Umfragen haben ergeben, dass in Deutschland ein Großteil der Bevölkerung bereit wäre, für höhere Tierschutzstandards an der Fleischtheke einen Mehrpreis in Kauf zu nehmen. Und das obwohl der durchschnittliche Deutsche doppelt so viel Fleisch isst, als von der Deutschen Gesellschaft für Ernährung (DGE) empfohlen. Der Durchschnittsdeutsche vertilgt im Jahr nämlich circa sechzig Kilogramm Fleisch. Dabei ist der Fleischkonsum im letzten Jahr (2016) sogar leicht gesunken.
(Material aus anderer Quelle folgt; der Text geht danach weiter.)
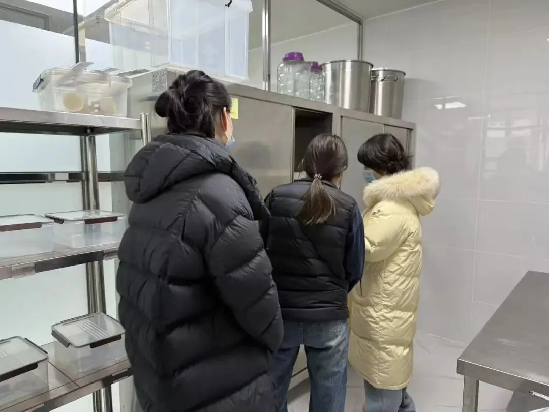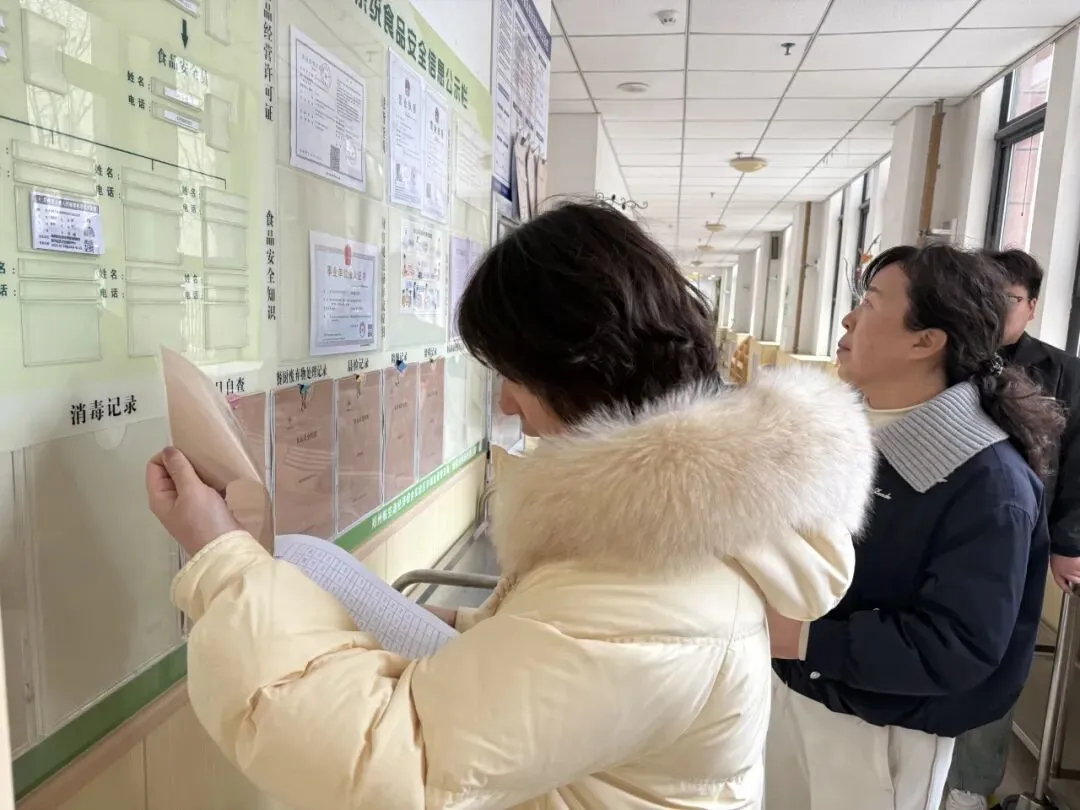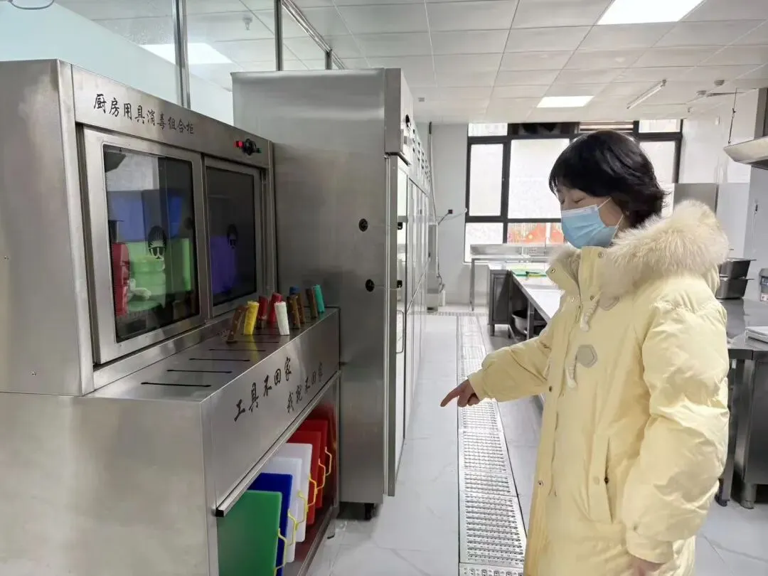 检查组深入厨房现场,对幼儿园的下水道、留样柜、消毒柜、砧板、炊具日常消毒、菜品管理、食材管理、主副食仓库存放管理、食品安全信息公示、工作人员健康管理等情况进行了细致查看,深入了解幼儿膳食营养搭配与“健康第一”教育理念的融合落地情况。

Die produzierte Fleischmenge in Deutschland ist jedoch so hoch wie nie zuvor.

Wie kann denn das passieren?

Ganz einfach: Deutschland exportiert von seinen jährlich rund 8 Millionen Tonnen produzierten Fleisches ungefähr 1,5 Millionen Tonnen in andere Länder. Berufe im Billiglohnsektor und geringe Gewinnspannen machen es möglich. So verdient der Schweinebauer an einem Mastschwein in der Massentierhaltung ganze 7,50€. Diese Zahlen sind erschreckend und Grund genug, sich einmal vom moralischen Standpunkt mit der Materie auseinander zu setzten.

Kann uns ein Siegel auf der Wurstpackung helfen, moralisch besser vertretbares Fleisch zu kaufen?
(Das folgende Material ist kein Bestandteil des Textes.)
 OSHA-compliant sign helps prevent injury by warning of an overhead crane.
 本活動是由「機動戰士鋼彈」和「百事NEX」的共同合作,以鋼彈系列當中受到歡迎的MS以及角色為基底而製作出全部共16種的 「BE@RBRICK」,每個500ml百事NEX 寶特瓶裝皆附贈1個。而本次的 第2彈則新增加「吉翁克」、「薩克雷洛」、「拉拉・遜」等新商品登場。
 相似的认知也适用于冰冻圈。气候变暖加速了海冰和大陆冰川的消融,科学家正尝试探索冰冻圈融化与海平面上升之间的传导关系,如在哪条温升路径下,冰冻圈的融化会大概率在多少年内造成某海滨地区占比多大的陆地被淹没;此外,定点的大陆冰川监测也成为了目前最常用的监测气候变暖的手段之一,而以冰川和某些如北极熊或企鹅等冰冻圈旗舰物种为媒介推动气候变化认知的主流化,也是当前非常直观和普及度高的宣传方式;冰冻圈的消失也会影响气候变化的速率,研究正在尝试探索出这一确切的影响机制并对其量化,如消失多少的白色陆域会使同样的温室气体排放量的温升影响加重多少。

Wofür steht ein Tierwohlsiegel eigentlich?

Tierwohlsiegel sichern einen Qualitätsstandard, der bei der Mast des Nutztiers eingehalten werden muss. Es gibt unter anderem Aufschluss über den Platz, der einem Tier zugesprochen wird, ob Tieren die Zähne geschliffen oder ob Hörner entfernt werden dürfen und ob ein Tier im Sommer Weidegang bekommt. Es beinhaltet, wie lange die Mast dauert und ob das Tier frisches Einstreu bekommt oder auf Gitterrosten stehen muss. Interessanterweise wird in keinem der bisher etablierten Siegeln das Tierfutter und die Medikation der Tiere erwähnt. Ein großer Kritikpunkt bei der Geflügelproduktion war doch immer der hohe Antibiotikaanteil im Tierfutter!?
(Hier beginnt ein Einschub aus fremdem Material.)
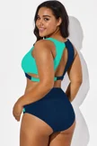 It fits so well and looks great with bottom. I am very busty and have been looking for a swim outfit for years that I can also wear a bra with a top. Finally my wish has been granted. Thanks so much for creating this stylish adorable swim top.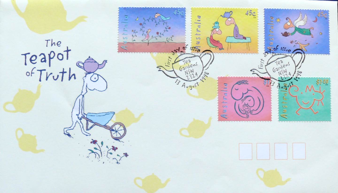 Teapot of Truth – Michael Leunig – First Day Cover – 1998 – Tea Gardens N.S.W general release.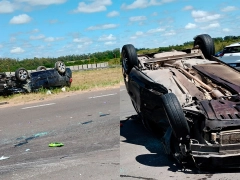 El impacto fue tan fuerte que ambos vehículos quedaron con sus ruedas hacia arriba, y los daños materiales fueron considerables. De inmediato, seis ,de los siete ocupantes de los autos, fueron trasladados de urgencia al Hospital Urquiza de Concepción del Uruguay.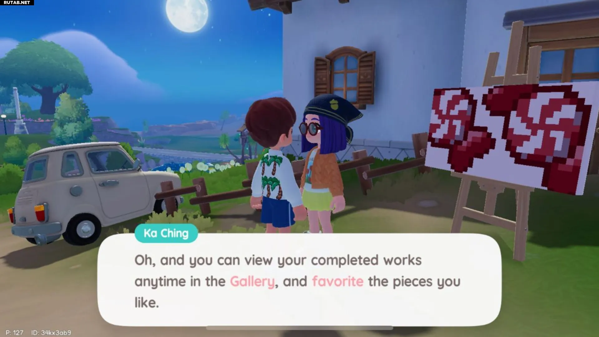 После создания рисунка вернитесь к Ка Чинг. Она попросит вас посетить галерею, не уточняя её местоположение. Галерея находится прямо на вашем мольберте — подойдите к нему и нажмите на значок с изображением картины.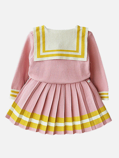 - Classic Sailor Design: Dress your child in this delightful Sailor-Style Bow Top and Pleated Skirt Set for a look that’s both cute and classic – perfect for any occasion. Features a sailor-style top with a large, decorative bow and striped details, adding a touch of nautical charm to your child's outfit.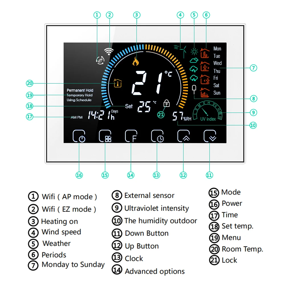 Нажмите и удерживайте кнопки для 5s, чтобы заблокировать/разблокировать термостат, вы можете выбрать полный замок или полузамок.

Die verschiedenen Siegel können ganz unterschiedlich in ihren definierten Standards sein. Um ein Fleischprodukt bewerten zu können, ist es erforderlich, dass wir die Definitionen kennen. Denn ein Tierwohlsiegel sagt uns zwar, dass es einen Qualitätsstandard gibt, nicht aber, ob dieser auch mit unseren Moralvorstellungen konform ist. Glücklicherweise hält jedes, der aktuell am Markt vertretenen Siegel die Regel ein, dass Ferkel nur unter Betäubung kastriert werden dürfen. Ein klarer Pluspunkt zum gesetzlichen Standard.

Schauen wir uns einmal an, was ein solches Siegel für den Unternehmer bedeutet.

Wenn die Qualitätsstandards steigen, muss der Unternehmer für bessere Lebensbedingungen der Nutztiere sorgen. Das bedeutet natürlich, dass er die ihm entstandenen Mehrkosten auf das fertige Produkt umlegt und der Endverbraucher somit für das Tierwohl aufgekommen ist. Super!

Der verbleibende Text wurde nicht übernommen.